We choose not to lowercase the text, because case carries meaning (e.g., "Apple" vs "apple"). Modern LLMs preserve case information.

Tokenization¶

Tokenization is the process of converting raw text into a sequence of integers (token IDs) that the model can process.

Why Not Just Use Characters or Words?¶

Approach	Pros	Cons
Character-level	Small vocabulary, handles any word	Very long sequences, hard to learn
Word-level	Semantically meaningful	Huge vocabulary, can't handle unknown words
Subword (BPE)	Balanced vocabulary, handles rare words	Slightly more complex

We'll use Byte-Pair Encoding (BPE), the same approach used by GPT-2 and many other LLMs.

How BPE Works¶

BPE starts with individual characters and iteratively merges the most frequent pair of adjacent tokens:

Start with a vocabulary of all individual characters
Count all adjacent pairs in the training corpus
Merge the most frequent pair into a new token
Repeat steps 2–3 until the desired vocabulary size is reached

Example:

Corpus: "low lower lowest"

Step 0: Characters → ['l', 'o', 'w', ' ', 'e', 'r', 's', 't']
Step 1: Most frequent pair ('l', 'o') → merge into 'lo'
Step 2: Most frequent pair ('lo', 'w') → merge into 'low'
Step 3: Most frequent pair ('e', 'r') → merge into 'er'
...

Implementing BPE from Scratch¶

Here's our complete BPE tokenizer implementation:

# src/tokenizer.py

class BPETokenizer:
    """Byte-Pair Encoding tokenizer built from scratch."""
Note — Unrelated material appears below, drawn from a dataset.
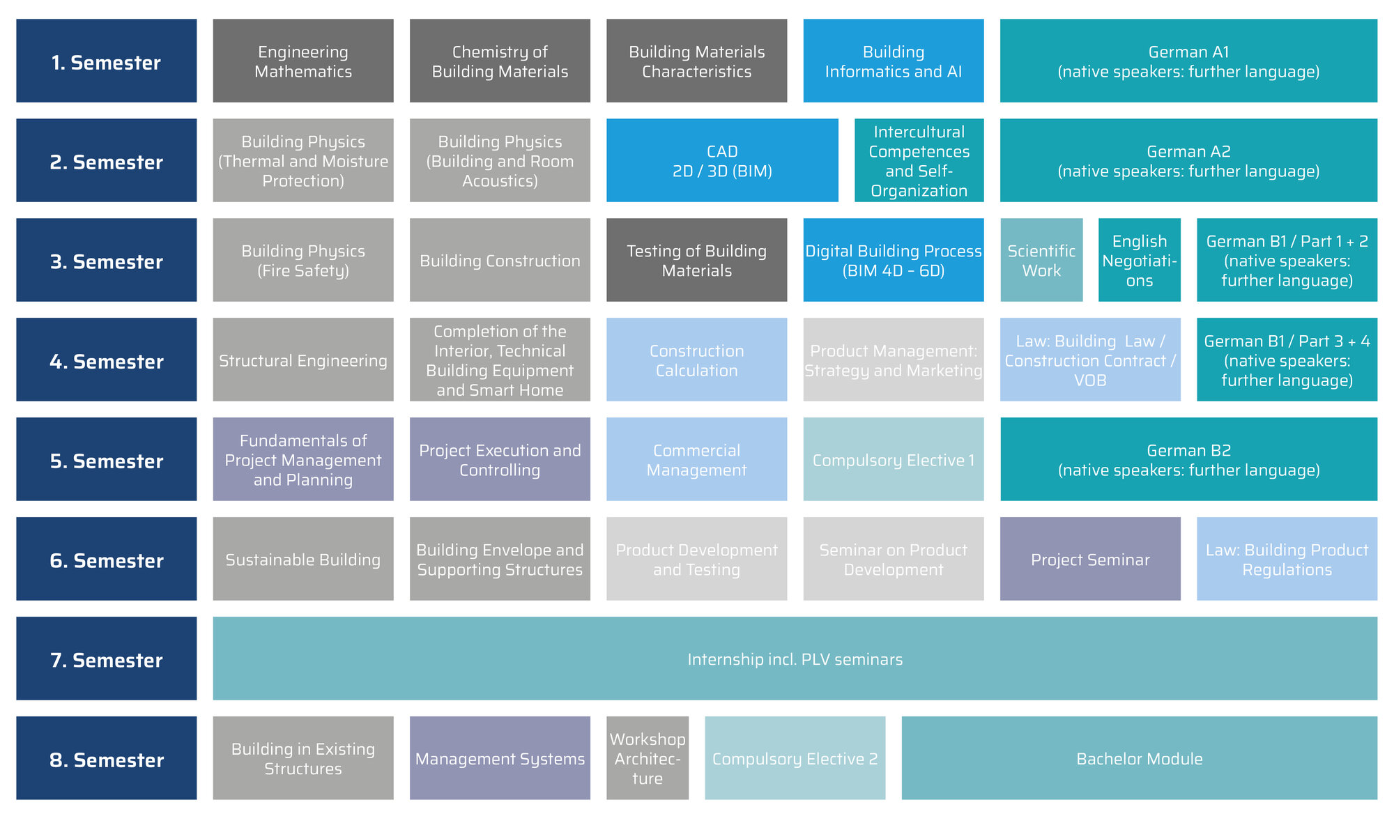 Overview of the courses, Weekly Semester Hours (SWS) and ECTS (European Credit Transfer and Accumulation System) for the programme Bachelor of Engineering in Building Products and Processes.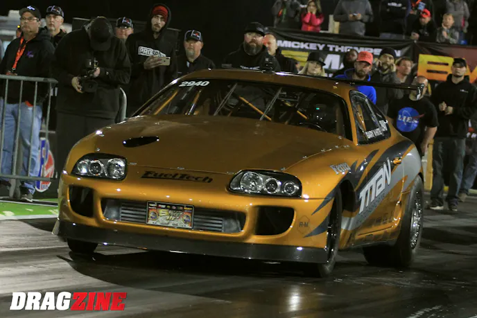Gary White is driving the Titan Motorsports Supra this weekend and is currently sitting in thirteenth with his 4.34 at 172. The combo uses a 2JZ Toyota engine base and Precision 88 millimeter turbo with a billet block from Expert in Brazil topped with a factory cast head prepped by Titan and backed by a Liberty five speed and Easy Motorsport four disc seven inch clutch set up. Yes you read that right, clutch. Most people say clutches and radials don’t work but they are out to prove that idea wrong and are doing a good job of that. “ A few year ago we were at a bar over seas with some of the top radial guys and we had several conversations revolving around clutch cars and radials and whether or not it would work..” said Gary. “We kinda thought it would and Nero, the owner of Titan, stepped up and here we are running the car again with a clutch in X275 and here we are.” Gary was skeptical but last June they tested in Orlando with good results and some solid runs proving the concept. They ran the car in Australia, then at World Cup going a 6.85 at 219 there. The team raced at TX2K and struggled a bit before coming here. “Anderson Dick from Fuel Tech has been a great help and we have Eric Luzinski, who has been tuning with me for years tuning this car as well.”

    def __init__(self, vocab_size=5000):
        self.vocab_size = vocab_size
        self.merges = {}       # (pair) -> merged token
        self.vocab = {}        # token_id -> token_string
        self.inverse_vocab = {} # token_string -> token_id

    def _get_pair_counts(self, token_sequences):
        """Count frequency of all adjacent token pairs."""
        counts = {}
        for seq in token_sequences:
            for i in range(len(seq) - 1):
                pair = (seq[i], seq[i + 1])
                counts[pair] = counts.get(pair, 0) + 1
        return counts

    def _merge_pair(self, token_sequences, pair, new_token):
        """Merge all occurrences of a pair in the sequences."""
        new_sequences = []
        for seq in token_sequences:
            new_seq = []
            i = 0
            while i < len(seq):
                if i < len(seq) - 1 and (seq[i], seq[i + 1]) == pair:
                    new_seq.append(new_token)
                    i += 2
                else:
                    new_seq.append(seq[i])
                    i += 1
            new_sequences.append(new_seq)
        return new_sequences

    def train(self, text):
        """Train the BPE tokenizer on the given text."""
        # Start with character-level tokens
        # Pre-tokenize by splitting on whitespace (keep spaces as prefix)
        words = text.split(' ')
        token_sequences = []
        for word in words:
            if word:
                # Add space prefix (like GPT-2)
                token_sequences.append(list(' ' + word))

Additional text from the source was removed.